#### MATERIALS PROVIDED
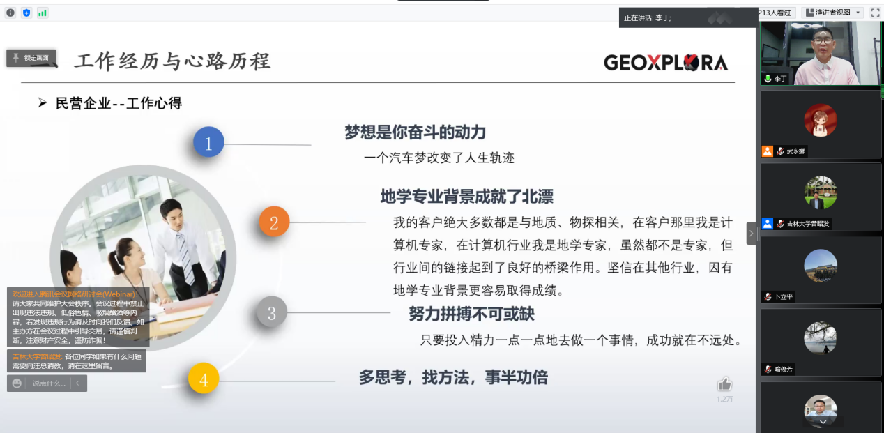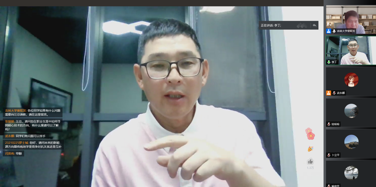 汪渝林员工以“地学专业背景与多元化职业的成长之路”为题,向同学们讲述了自己的职业发展经历,介绍了地学专业的发展优势以及吉大地学专业在行业中的重要地位,并结合个人创业工作实践分享了四点心得感悟:一是梦想是奋斗的动力;二是地学专业背景成就了北漂;三是努力拼搏不可或缺;四是多思考,找方法,事半功倍。 汪渝林谈到,同学们应对自己拥有吉大地学人的身份而自信、自豪,希望同学们在自我坚持不懈的信念与师长的引领下掌握扎实的专业知识,为未来发展奠定坚实基础。
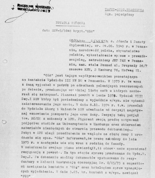 W trakcie rozmowy ustalił, iż „Osa” w maju 1975 r. wyjeżdża wraz żoną i synem do Sydney, celem dokończenia studiów doktoranckich. W RFN nie może pozostać dłużej ze względu na nieuregulowany status. W przypadku negatywnego załatwienia jego spraw paszportowych zamierza wyjechać do USA, występując o zmianę obywatelstwa.
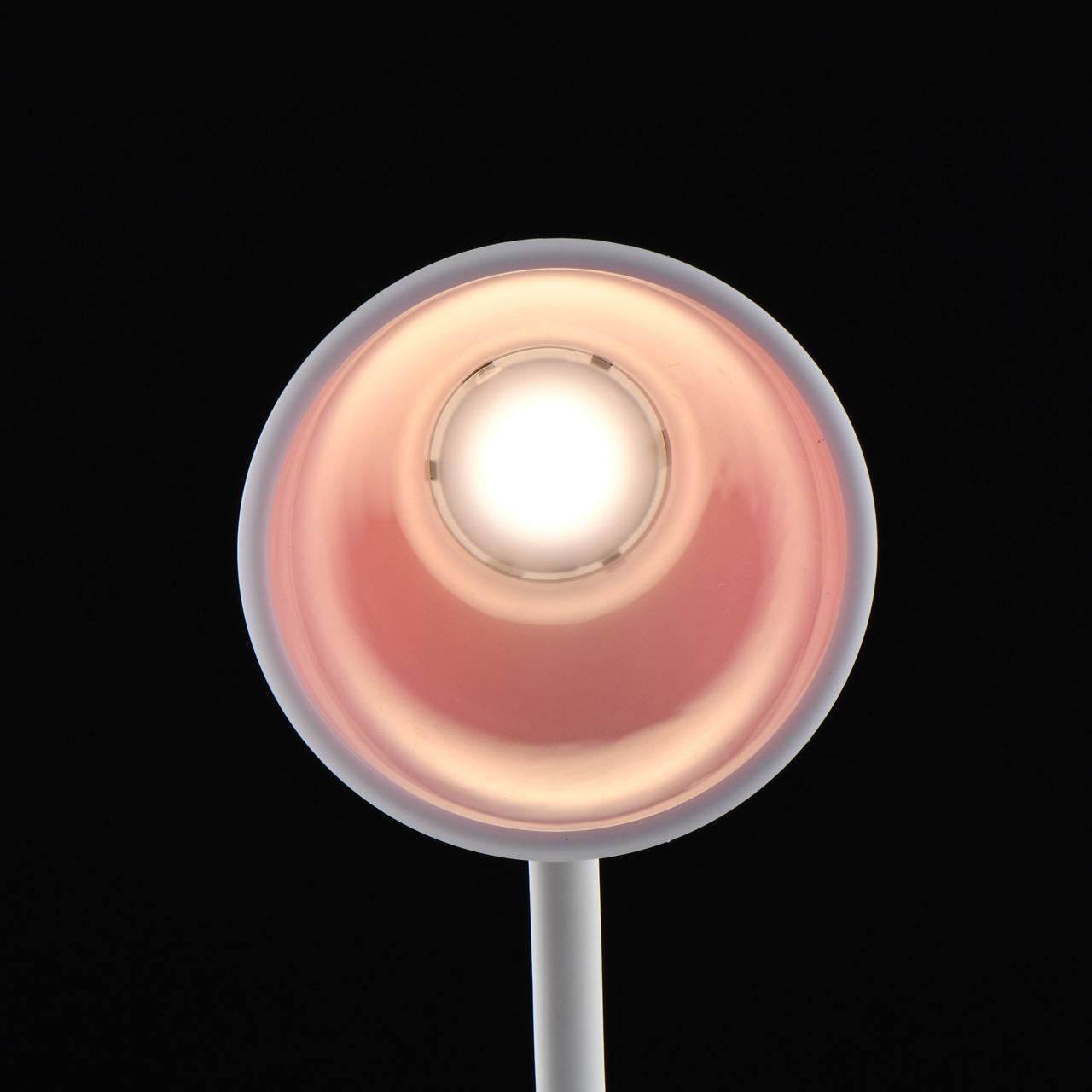 Основание светильника выполнено из акрила белого цвета. Гибкий держатель плафона выполнен из силикона белого цвета. Плафон выполнен из двухслойного акрила. Внутренний слой - белый матовый акрил, внешний - прозрачный глянцевый красный. Светодиодный источник света типа SMD Chip закрыт белым матовым акрилом.
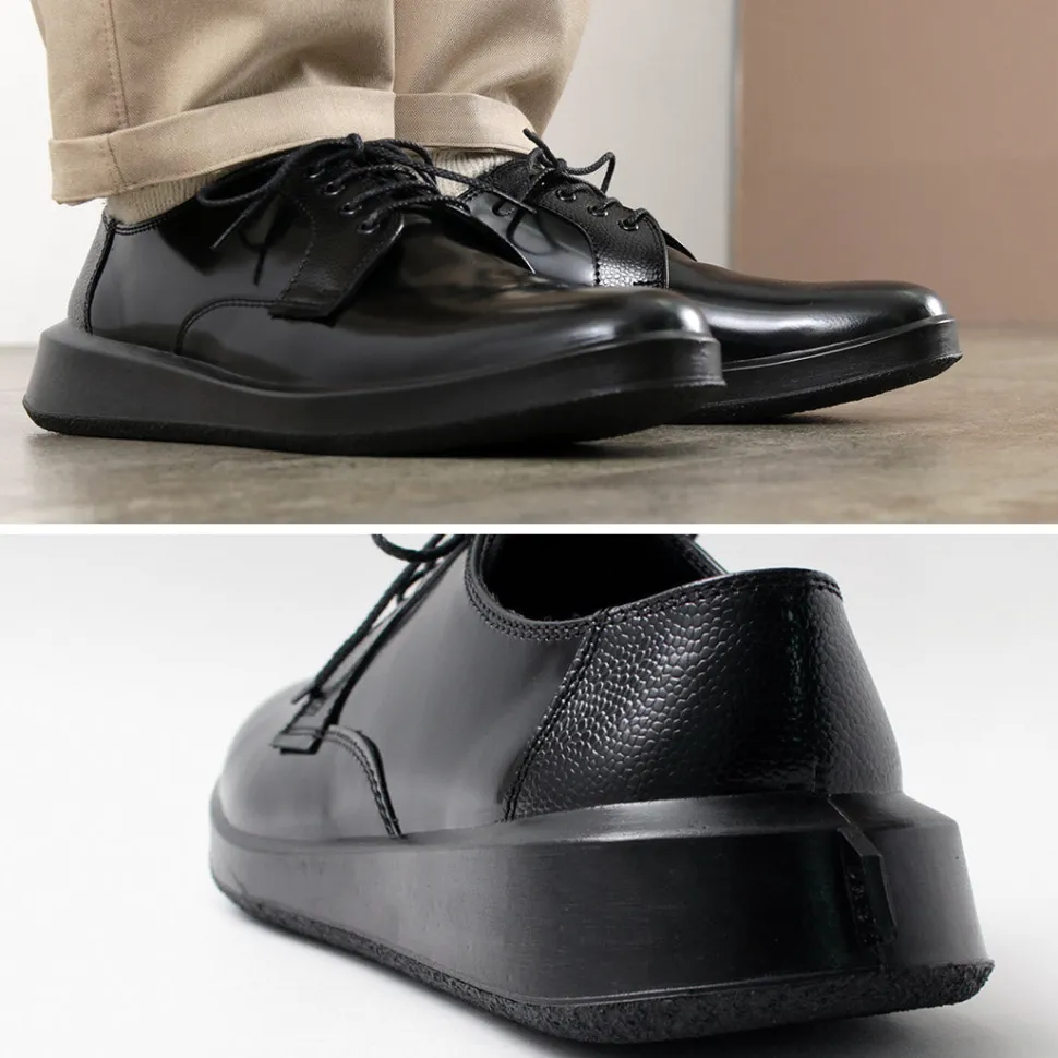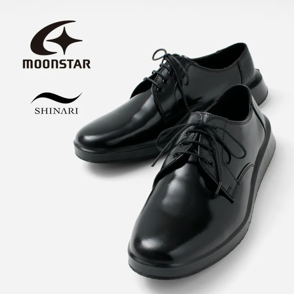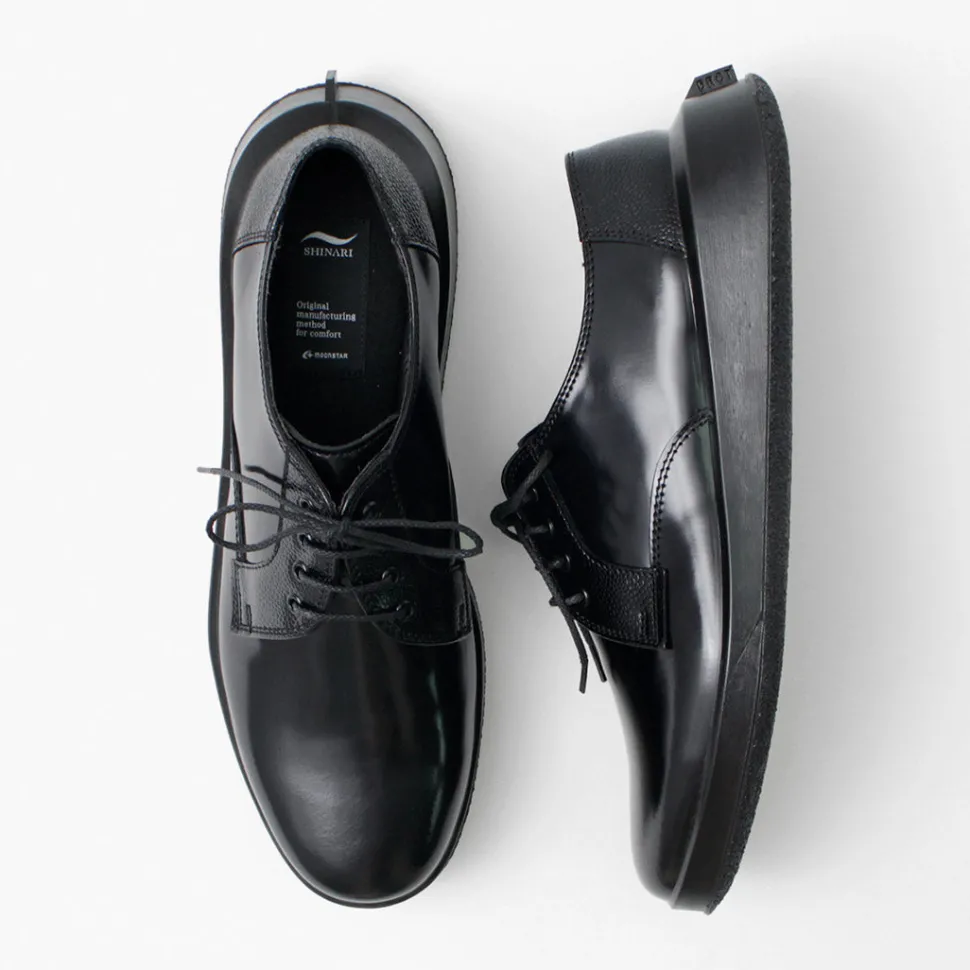 “SHINARI” is a new line of shoes from MOONSTAR. This series incorporates design elements from MOONSTAR’s archives, mainly leather shoes, into a unique sole shape that creates cushioning by flexing the outsole. The simple derby-plain “SUMEN (bare surface)” is a pair that is elegant with its characteristic feather stitching and overlapping patterns, yet comfortable and easy on the feet.
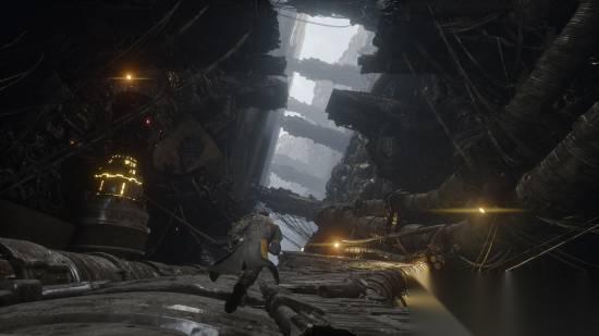 《SAROS》的舞台设定在不断变化的外星球 Carcosa。玩家每次死亡后,星球都会随之改变,带来全新的环境与敌人。主角 Arjun Devraj(由Rahul Kohli饰演)将在这里展开冒险,并与关键角色Nitya Chandran(Shunori Ramanthan饰演)相遇。演示展示了失落古文明遗迹与神秘日蚀背景下的探索场景。
########
> **WHAT THE TASK ASKS**
Take the lines from the start of the listing above through the line with "Основание светильника выполнено", both ends included, and copy them exactly, leaving the pictures behind.

> **OUTPUT BELOW**
 汪渝林员工以“地学专业背景与多元化职业的成长之路”为题,向同学们讲述了自己的职业发展经历,介绍了地学专业的发展优势以及吉大地学专业在行业中的重要地位,并结合个人创业工作实践分享了四点心得感悟:一是梦想是奋斗的动力;二是地学专业背景成就了北漂;三是努力拼搏不可或缺;四是多思考,找方法,事半功倍。 汪渝林谈到,同学们应对自己拥有吉大地学人的身份而自信、自豪,希望同学们在自我坚持不懈的信念与师长的引领下掌握扎实的专业知识,为未来发展奠定坚实基础。
 W trakcie rozmowy ustalił, iż „Osa” w maju 1975 r. wyjeżdża wraz żoną i synem do Sydney, celem dokończenia studiów doktoranckich. W RFN nie może pozostać dłużej ze względu na nieuregulowany status. W przypadku negatywnego załatwienia jego spraw paszportowych zamierza wyjechać do USA, występując o zmianę obywatelstwa.
 Основание светильника выполнено из акрила белого цвета. Гибкий держатель плафона выполнен из силикона белого цвета. Плафон выполнен из двухслойного акрила. Внутренний слой - белый матовый акрил, внешний - прозрачный глянцевый красный. Светодиодный источник света типа SMD Chip закрыт белым матовым акрилом.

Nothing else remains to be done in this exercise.